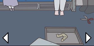 2、切换第三个场景,在地板上获得剪刀,然后把格子打开,获得白色破裤子
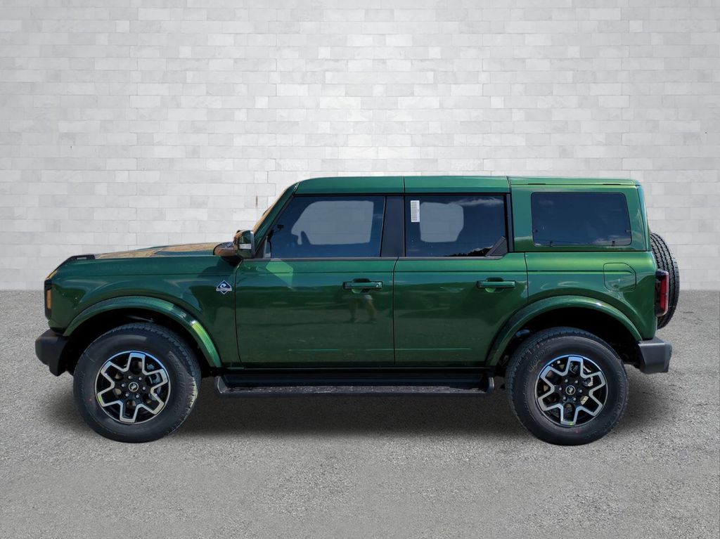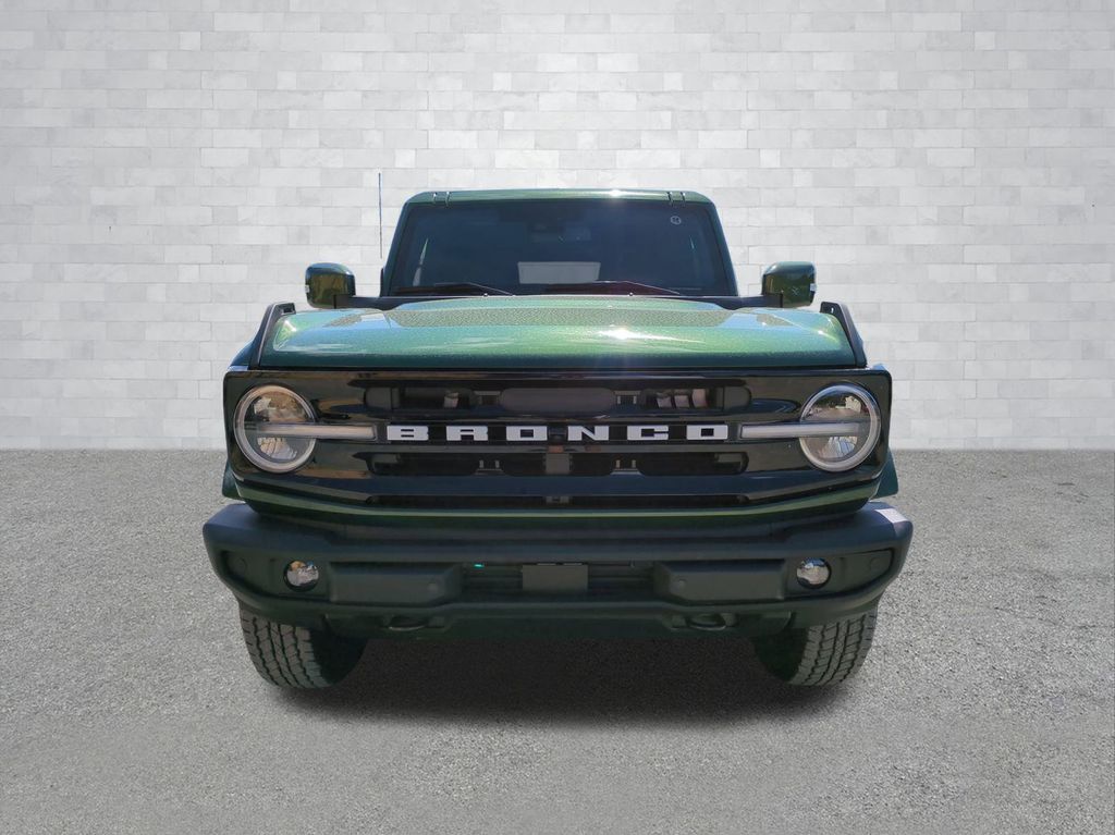 2025 Eruption Green Metallic 2025 Ford Bronco Outer Banks 4WD 2.7L EcoBoost V6 Equipment Group 314A Lux Package (360-Degree Camera, Adaptive Cruise Control, Evasive Steering Assist, Front Parking Sensors, Information on Demand Panel, Radio: B&O Sound System by Bang & Olufsen, Sideview Mirrors, and Universal Garage Door Opener), 18" Bright Machined Aluminum Wheels, 3.73 Axle Ratio, 4-Wheel Disc Brakes, 7 Speakers, ABS brakes, Air Conditioning, Alloy wheels, AM/FM radio: SiriusXM with 360L, AM/FM Stereo, Auto High-beam Headlights, Auto-dimming Rear-View mirror, Automatic temperature control, Brake assist, Compass, Connected Navigation, Delay-off headlights, Driver door bin, Driver vanity mirror, Dual front impact airbags, Dual front side impact airbags, Electronic Stability Control, Emergency communication system: 911 Assist, Exterior Parking Camera Rear, Front anti-roll bar, Front Bucket Seats, Front Center Armrest, Front dual zone A/C, Front fog lights, Front reading lights, Front wheel independent suspension, Fully automatic headlights, Hard Top Sound Deadening Headliner, Heated door mirrors, Heated front seats, Heated Leather-Trimmed/Vinyl Bucket Seats, Heated steering wheel, Illuminated entry, Integrated roll-over protection, Internet access capable: FordPass Connect, Leather Shift Knob, Low tire pressure warning, Navigation system: Connected Navigation, Occupant sensing airbag, Outside temperature display, Overhead airbag, Overhead console, Painted Hard Top, Panic alarm, Passenger door bin, Passenger vanity mirror, Power door mirrors, Power driver seat, Power passenger seat, Power steering, Power windows, Radio data system, Rear seat center armrest, Rear-Window Defroster & Washer, Remote keyless entry, Security system, SiriusXM w/360L, Speed control, Split folding rear seat, Steering wheel mounted audio controls, SYNC 4, Tachometer, Telescoping steering wheel, Tilt steering wheel, Traction control, Trip computer, Variably intermittent wipers, and Voltmeter Courtesy Ford and Lincoln of Rome 101 Hwy 411 E Rome, Ga 30161 ROMEFORDLINC.COM 706.235.4453.
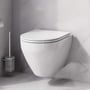Væghængt toilet fra AM.PM Spirit V2.0 i hvid, uden skyllekant og med rengøringsvenlig overflade. Kompakt design med skjult montering og toiletsæde inkluderet.
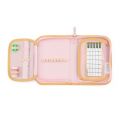 Jednopatrový školní penál s 2 chlopněmi, prázdný obsahuje 25 gumových poutek pro uchycení psacích potřeb. Na vnitřních chlopních jsou průhledné fólie pro rozvrh hodin.
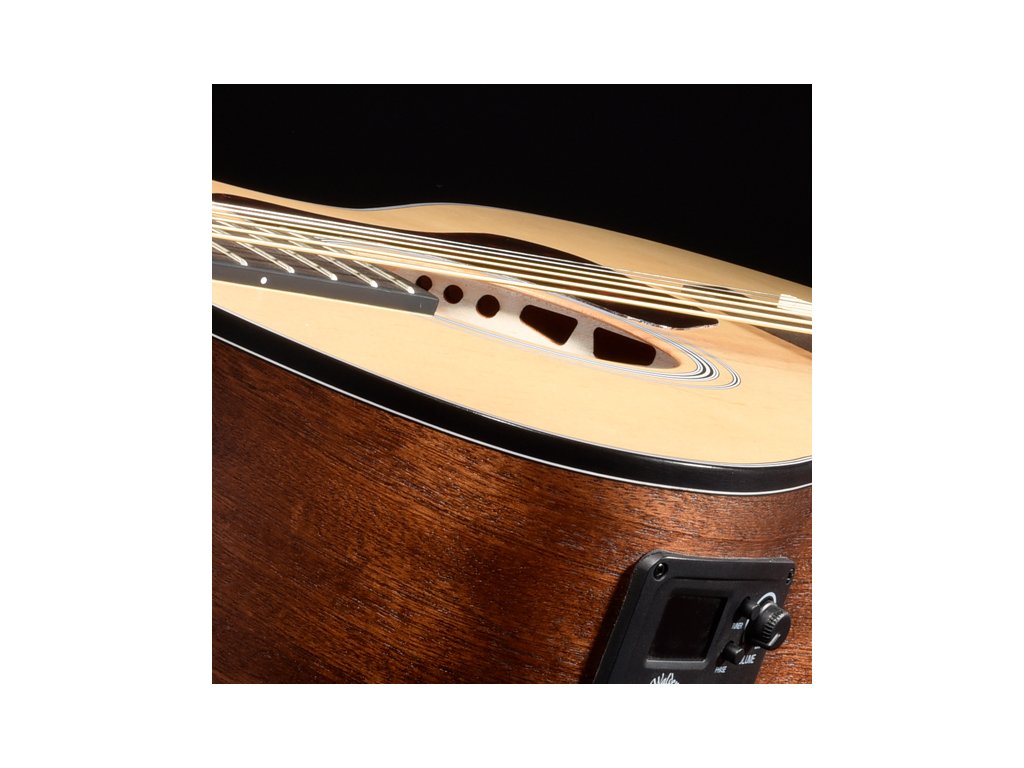 Model D550E z řady Natura 500 je elegantní akusticko-elektrická kytara typu Dreadnought, která kombinuje masivní smrkovou rezonanční desku s lehkým žebrováním typu Low-Mass Scalloped-X. Výsledkem je plný, otevřený zvuk s jasnou projekcí a bohatými harmonickými tóny, ideální jak pro prstovou techniku, tak pro doprovod.

▸ **REQUIREMENT**: Your task is to repeat the material above exactly, without its pictures.

▸ **ANSWER FOR THIS EXERCISE**:
 2、切换第三个场景,在地板上获得剪刀,然后把格子打开,获得白色破裤子
 2025 Eruption Green Metallic 2025 Ford Bronco Outer Banks 4WD 2.7L EcoBoost V6 Equipment Group 314A Lux Package (360-Degree Camera, Adaptive Cruise Control, Evasive Steering Assist, Front Parking Sensors, Information on Demand Panel, Radio: B&O Sound System by Bang & Olufsen, Sideview Mirrors, and Universal Garage Door Opener), 18" Bright Machined Aluminum Wheels, 3.73 Axle Ratio, 4-Wheel Disc Brakes, 7 Speakers, ABS brakes, Air Conditioning, Alloy wheels, AM/FM radio: SiriusXM with 360L, AM/FM Stereo, Auto High-beam Headlights, Auto-dimming Rear-View mirror, Automatic temperature control, Brake assist, Compass, Connected Navigation, Delay-off headlights, Driver door bin, Driver vanity mirror, Dual front impact airbags, Dual front side impact airbags, Electronic Stability Control, Emergency communication system: 911 Assist, Exterior Parking Camera Rear, Front anti-roll bar, Front Bucket Seats, Front Center Armrest, Front dual zone A/C, Front fog lights, Front reading lights, Front wheel independent suspension, Fully automatic headlights, Hard Top Sound Deadening Headliner, Heated door mirrors, Heated front seats, Heated Leather-Trimmed/Vinyl Bucket Seats, Heated steering wheel, Illuminated entry, Integrated roll-over protection, Internet access capable: FordPass Connect, Leather Shift Knob, Low tire pressure warning, Navigation system: Connected Navigation, Occupant sensing airbag, Outside temperature display, Overhead airbag, Overhead console, Painted Hard Top, Panic alarm, Passenger door bin, Passenger vanity mirror, Power door mirrors, Power driver seat, Power passenger seat, Power steering, Power windows, Radio data system, Rear seat center armrest, Rear-Window Defroster & Washer, Remote keyless entry, Security system, SiriusXM w/360L, Speed control, Split folding rear seat, Steering wheel mounted audio controls, SYNC 4, Tachometer, Telescoping steering wheel, Tilt steering wheel, Traction control, Trip computer, Variably intermittent wipers, and Voltmeter Courtesy Ford and Lincoln of Rome 101 Hwy 411 E Rome, Ga 30161 ROMEFORDLINC.COM 706.235.4453.
Væghængt toilet fra AM.PM Spirit V2.0 i hvid, uden skyllekant og med rengøringsvenlig overflade. Kompakt design med skjult montering og toiletsæde inkluderet.
 Jednopatrový školní penál s 2 chlopněmi, prázdný obsahuje 25 gumových poutek pro uchycení psacích potřeb. Na vnitřních chlopních jsou průhledné fólie pro rozvrh hodin.
 Model D550E z řady Natura 500 je elegantní akusticko-elektrická kytara typu Dreadnought, která kombinuje masivní smrkovou rezonanční desku s lehkým žebrováním typu Low-Mass Scalloped-X. Výsledkem je plný, otevřený zvuk s jasnou projekcí a bohatými harmonickými tóny, ideální jak pro prstovou techniku, tak pro doprovod.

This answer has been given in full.